-- What needs to be done --
The entries must be repeated verbatim, and their images left out.

-- Available records --
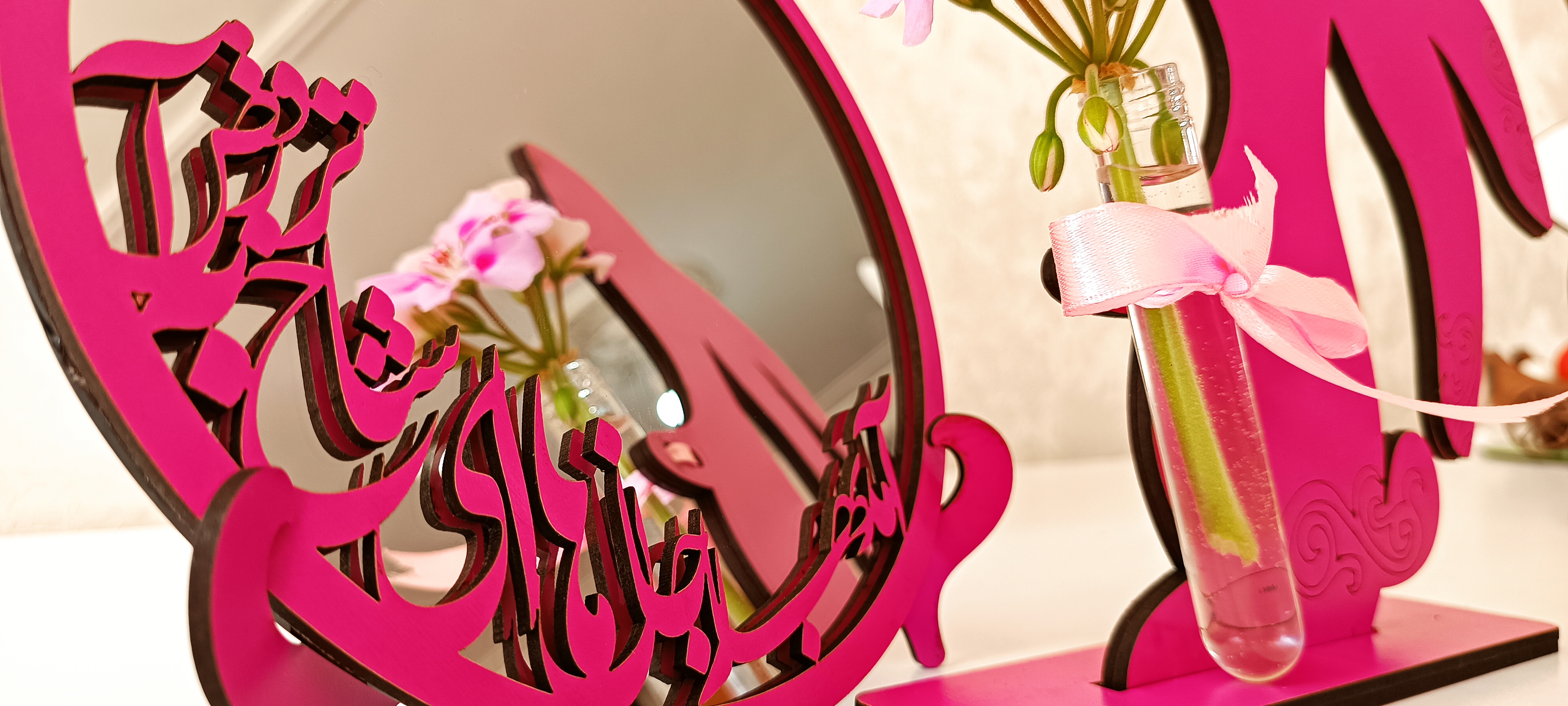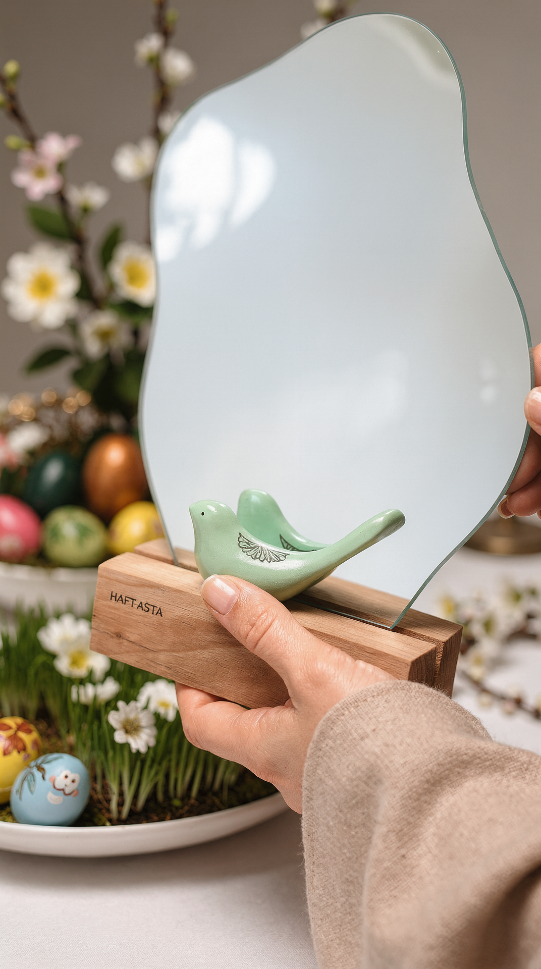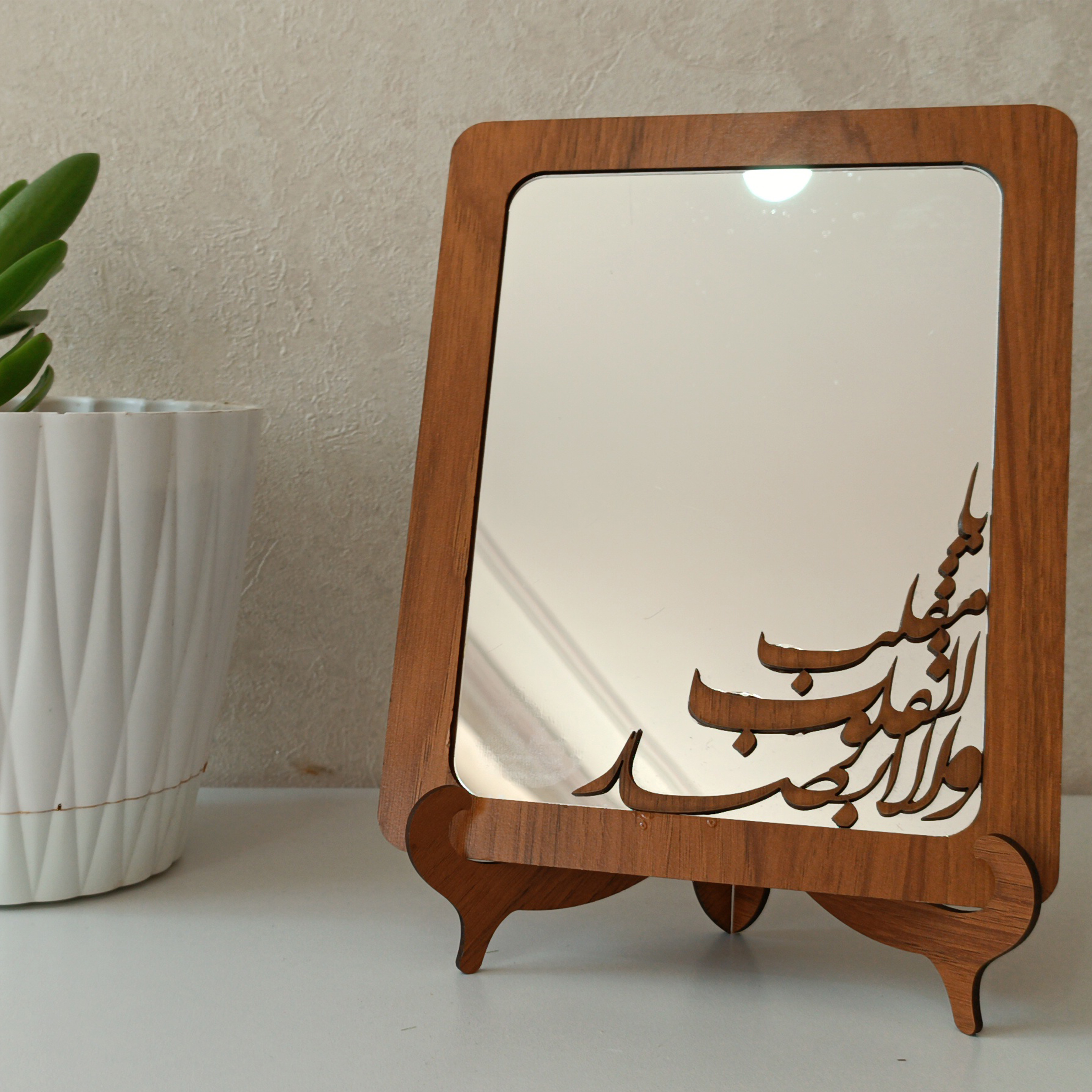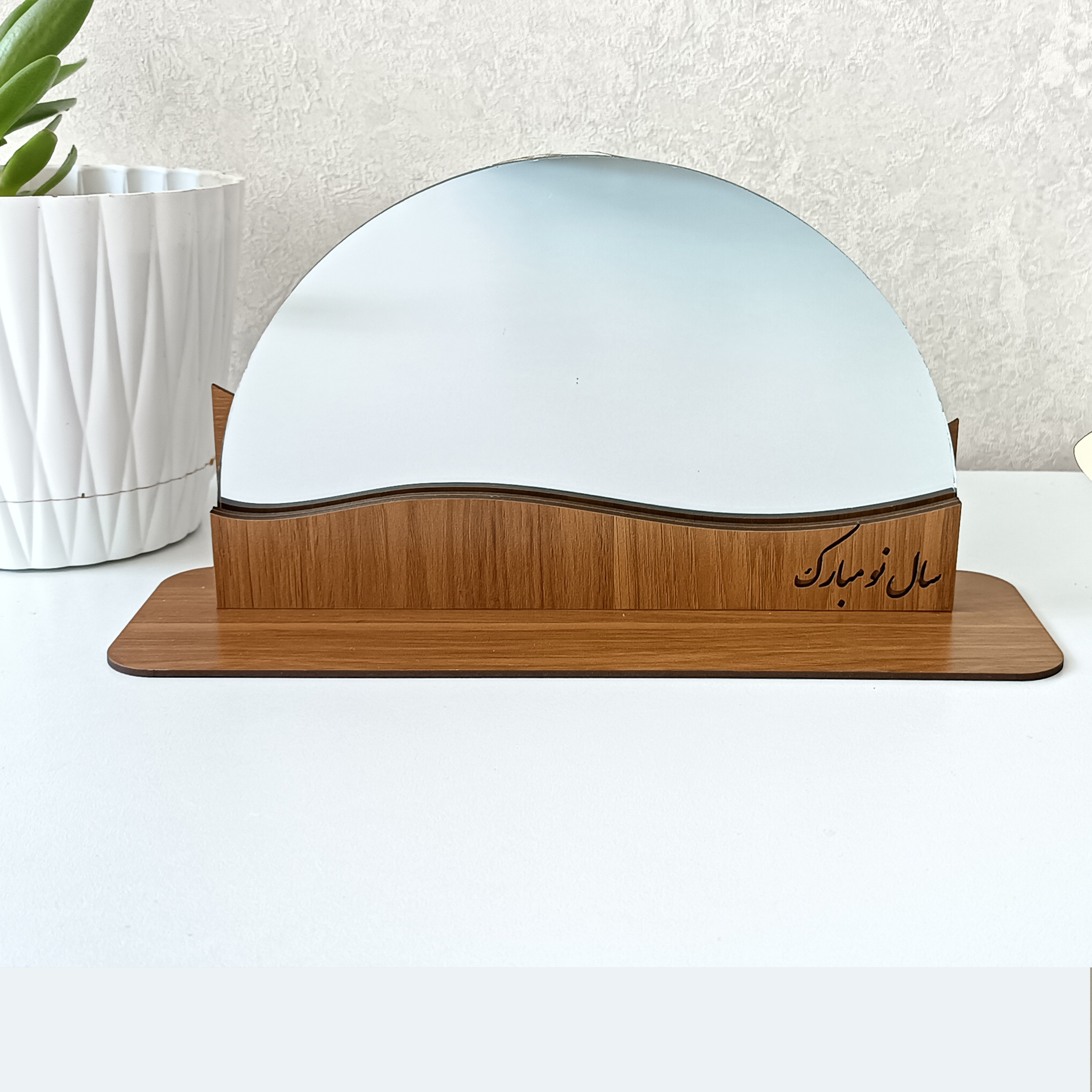 آینه رومیزی دفرمه پایه چوبی هفت سین
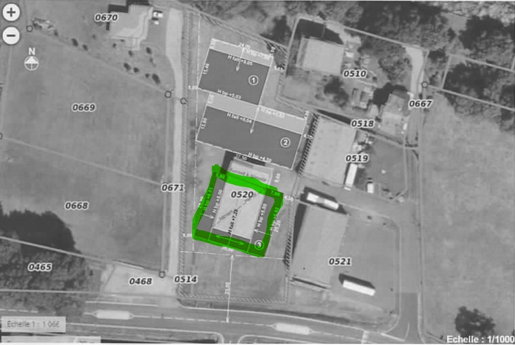 Un parking de 750m2 fait face à la CD936 avec 1 sortie directe. un compteur eau et électricité seront dédiés aussi à ce bâtiment qui sera indépendant.
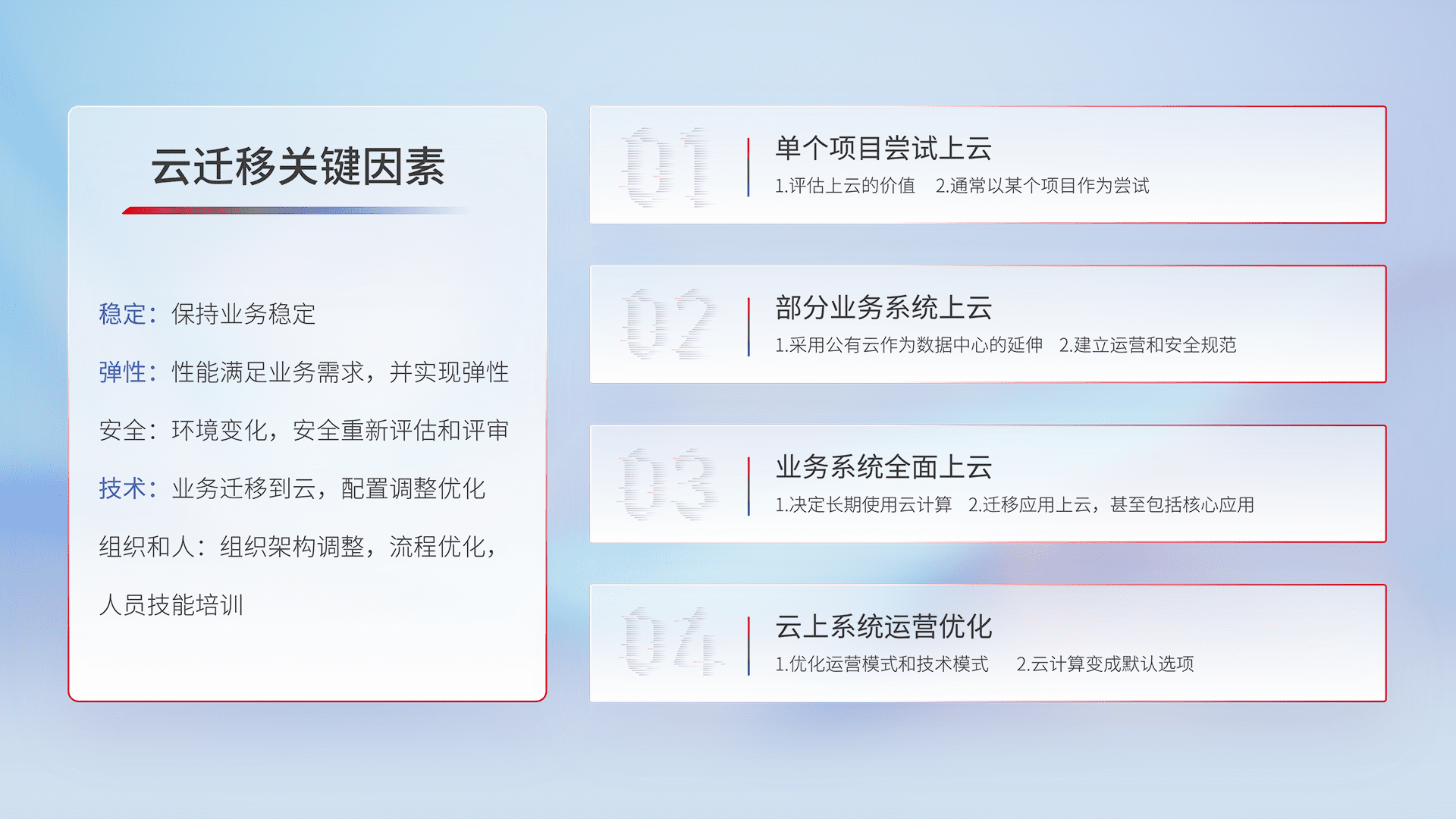 结合实际业务,,,从规划设计、、、、云平台选型、、、、云原生改造、、数据迁移、、集成交付,,迁移全过程为客户识别最佳上云路径,,,,做好风险识别管理,,设计网络架构、、身份权限、、、、安全审计合规、、操作审计、、、日志审计、、监控告警策略、、、多站点容灾设计等,,对云上基础设施进行整体规划,,,,提升IT治理水平,,,,以满足弹性、、、、高可用、、、高性能的需求。。。
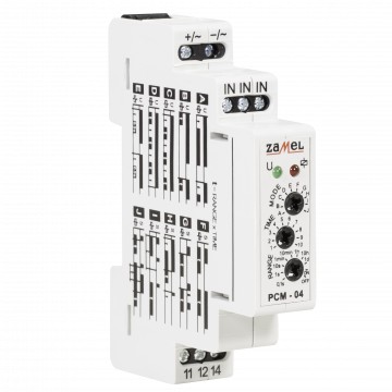 Wielofunkcyjny przekaźnik czasowy PCM-04/24V służy do realizacji funkcji czasowych w układach automatyki i sterowania. Posiada 10 niezależnych trybów pracy wyzwalanych napięciem zasilającym lub zewnętrznym impulsem wyzwalającym (pochodzącym z linii L lub N). Cechuje go bardzo szeroki zakres nastaw czasu oraz funkcje stałego załączenia i wyłączenia. Możliwa jest zmiana trybu bez konieczności oczekiwania na zakończenie aktualnie wykonywanego cyklu.
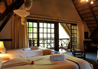 Die Victoria Falls Waterfront Lodge liegt am nördlichen Ufer des Sambesi, etwa 4 km flussaufwärts von den Victoria-Wasserfällen, gegenüber der Insel Siloka.

-- Solution to this exercise --
 آینه رومیزی دفرمه پایه چوبی هفت سین
 Un parking de 750m2 fait face à la CD936 avec 1 sortie directe. un compteur eau et électricité seront dédiés aussi à ce bâtiment qui sera indépendant.
 结合实际业务,,,从规划设计、、、、云平台选型、、、、云原生改造、、数据迁移、、集成交付,,迁移全过程为客户识别最佳上云路径,,,,做好风险识别管理,,设计网络架构、、身份权限、、、、安全审计合规、、操作审计、、、日志审计、、监控告警策略、、、多站点容灾设计等,,对云上基础设施进行整体规划,,,,提升IT治理水平,,,,以满足弹性、、、、高可用、、、高性能的需求。。。
 Wielofunkcyjny przekaźnik czasowy PCM-04/24V służy do realizacji funkcji czasowych w układach automatyki i sterowania. Posiada 10 niezależnych trybów pracy wyzwalanych napięciem zasilającym lub zewnętrznym impulsem wyzwalającym (pochodzącym z linii L lub N). Cechuje go bardzo szeroki zakres nastaw czasu oraz funkcje stałego załączenia i wyłączenia. Możliwa jest zmiana trybu bez konieczności oczekiwania na zakończenie aktualnie wykonywanego cyklu.
 Die Victoria Falls Waterfront Lodge liegt am nördlichen Ufer des Sambesi, etwa 4 km flussaufwärts von den Victoria-Wasserfällen, gegenüber der Insel Siloka.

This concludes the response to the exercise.